Diane Pfister is an American artist and art lecturer whose work was first recognized in London, England, and other territories of the United Kingdom. Her early work includes collage, impressionism and abstract expressionism but is now primarily abstract oils, incorporating techniques drawn from microphotography, map coordinates and satellite surveillance to merge abstraction with 21st-century realism.

Background 
Born in Cincinnati, Ohio, Pfister graduated from Norwood High School in Norwood, Ohio in 1973,. With the help of a Charlotte Schmidlapp Honor Scholarship, she studied Fine Arts at Miami University in Oxford, Ohio, earning a Bachelor of Fine Arts in 1977 and doing graduate work from 1979-1980, before proceeding on to post-graduate photographic work at the Parsons School of Design in New York. After moving to London, she studied printmaking during a fellowship at the Slade School of Fine Art and fine art post-graduate work at Saint Martins School of Art, earning a Post Graduate Diploma in Art at the latter.

She lectured at The American School In Switzerland from 1985–1990, Bath School of Art and Design from 1990–1995, and at City of Westminster College, London from 1992–1996; and served as Co-Head of the Third Year Degree Programme at Chelsea College of Art from 1993–1994.

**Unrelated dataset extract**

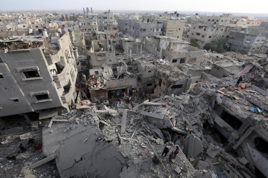 12月7日,在加沙地帶中部努賽賴特難民營,人們走過以軍轟炸后的建筑廢墟。新華社發(fā)(里澤克·阿卜杜勒賈瓦德攝)
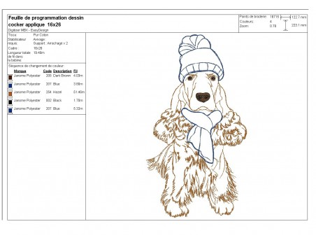Motif de broderie machine cocker avec son bonnet et écharpe en appliqué

Pfister (who initially painted under her married name of Diane Epstein) worked commercially in various media—including collage, photography and sculpture—for book jacket and poster illustration before committing herself to painting in 1995.

Series
Working principally in oils, her series include "Toys" (in which she explored the "residual power" of the "sacred geometry" of playthings important to her in childhood); "Scars" (a series of nude body studies etched with obscure, lost French dialect calligraphy); "Abstract Locations" (an examination of "how technology has altered traditional notions of viewing our environment"... "a world unknown to us a century ago"); and "End Papers" ("dedicated to the transient beauty of the printed book... fast becoming the dinosaur of our generation"). The latter were the subject of a successful 2006 exhibition at the Duncan Campbell Gallery in London. Pfister's paintings have also been acquired by private and corporate collections in the United States, Asia, Europe, the Middle East and Australia.

Return to the U.S. 
Pfister returned with her family to the United States in 2006, and now lives in Cincinnati, where she maintains a studio at the Pendleton Art Center.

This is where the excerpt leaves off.